This, however, is not due to stupidity. Of things which concern them—such as animals, plants, country, and weather—such people are very acute observers, and show great practical ingenuity. The failure, with occasional scandal, of attempts to 'make them work' even at uch a simple business as picking raw rubber off the trees and bringing it in, seems due mainly to their inability to realize that what is asked of them, or offered to them, is of any conceivable use: undebauched by intruders, they do not seem even to get drunk, for like Ingoldsby cherubs 'they haven't de quoi'. That the needs of any one else in any way concern them appears as utter folly as that any one else should be concerned with needs of theirs. Their apparent laziness, or enjoyment of leisure, which has deceived some observers, would seem to result partly from real need of physical rest between spasms of activity, like the holiday loafing of a schoolboy; partly from habitual economy of effort; partly from indulgence in reflection, for where such effort is required to understand what is going on—at all events to the point of right response to it—hard thinking and much 'brown study' are as essential and natural as they seem to have been, on occasion, to men like King Alfred and James Watt.

Let that philosopher cast the first stone who has never appeared at breakfast without a tie.

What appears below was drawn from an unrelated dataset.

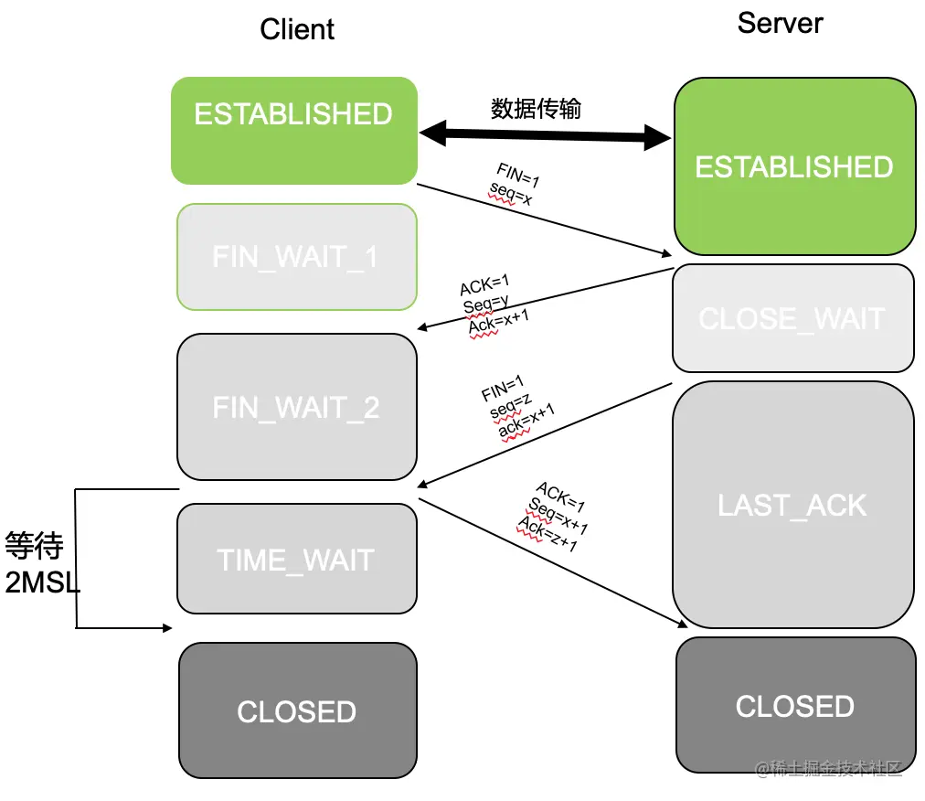 - 第一次挥手:client端向server端发送断开连接的请求,告诉server端,我这边不再需要跟你传输数据。发送FIN=1(表示发送断开连接请求),seq=x,此时client端处于FIN_WAIT_1阶段
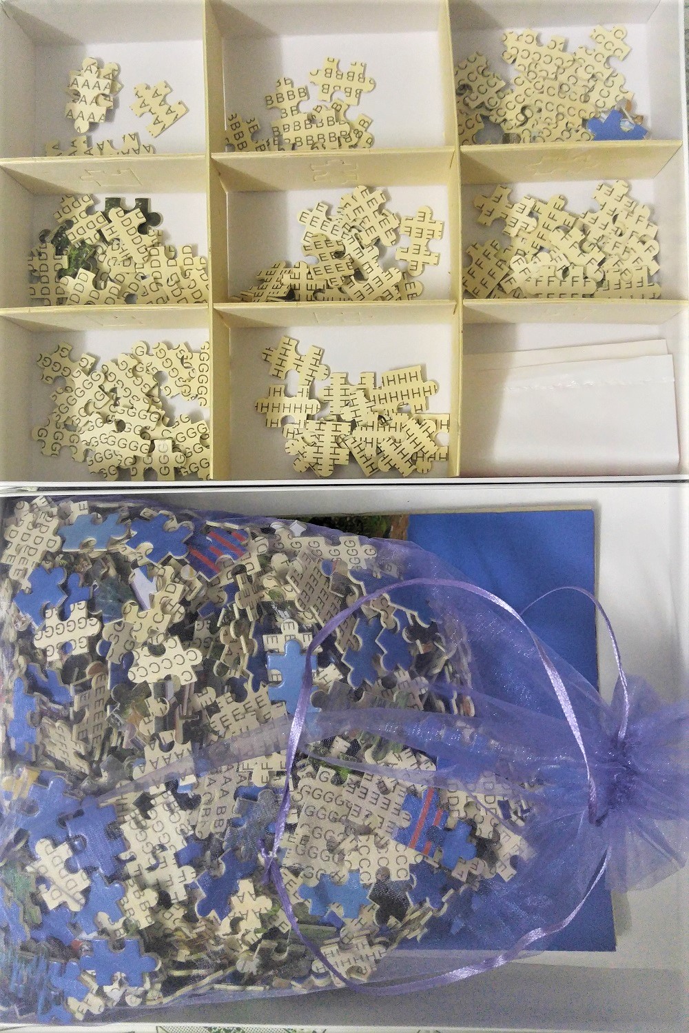 - Phân loại các vùng theo ký tự ABCD ( từ 6-8 vùng) theo từng ô để tránh lẫn lộn tranh xếp hình 1000 mảnh

Now, what do such people think about? Here we are rather in the dark, since we have only their acts to guide us; just as we are about men's mode of life when we have only their implements to go by. 'Evolution', it has been said,'means, sooner or later, a complete transcendence of one group of interests over another', and we have to unthink a good deal of what chiefly interests ourselves if we are to recover the mental standpoint of simple societies and the substance of their thought. Civilized people's 'thinking', as distinct from mere use of their brains in the daily round of their lives, is concerned mainly with high matters which they do not quite understand yet, but their ignorance of which is beginning to be felt practically as an obstacle to desirable activity.

Thinkers among ourselves think, for example, about the constitution of matter; the nature of force and life; high problems of conduct, of politics, of mental and metaphysical philosophy. But the thinking of the savage, too, is concerned with high matters, too high as yet for him, but of no less practical bearing; with hunger, sickness, rain; with the baffling ways of game, and the behaviour of dogs and womankind; with his own feelings and imaginations; and among them, above all, with his dreams.

All these puzzle him and prevent him from living as well as he has it in him to live under his actual conditions. He needs, that is, and apparently strives to achieve, in his thinking, two things mainly; an explanation, intelligible to himself, of what it is that is going on; and direction, how to behave, in presence of this which is going on in Nature and in his own experience as a whole. The explanation is to be a response to impulses of curiosity— that is, to his need to know,—as vital to his well-being as those of any young animal, or of a modern baby, or researcher; curiosity, most active in modern man during infancy and adolescence, and customarily repressed in most of us; but lifelong whenever it has not been so repressed, and irrepressible, as we know, in idiots, gossips, and men of science. From the need of explanation, that is, comes all pure science, no less than all true poetry. From the need of direction, on the other hand, all applied sciences: for the need of direction stands in similar relation to man's need-to-do, his instinct to push, to hustle, to disarrange and rearrange things about him till he has got them arranged as he likes, from which all material arts and technical skill proceed, for the conquest and domestication of intractable Nature; and, no less, all social arts and political skill, for the conquest and domestication—let us say at once the 'civilization'—of no less intractable man. Such thought with a view to action involves foresight, and leads to invention; as thought with a view to knowledge presumes imagination, and achieves discovery.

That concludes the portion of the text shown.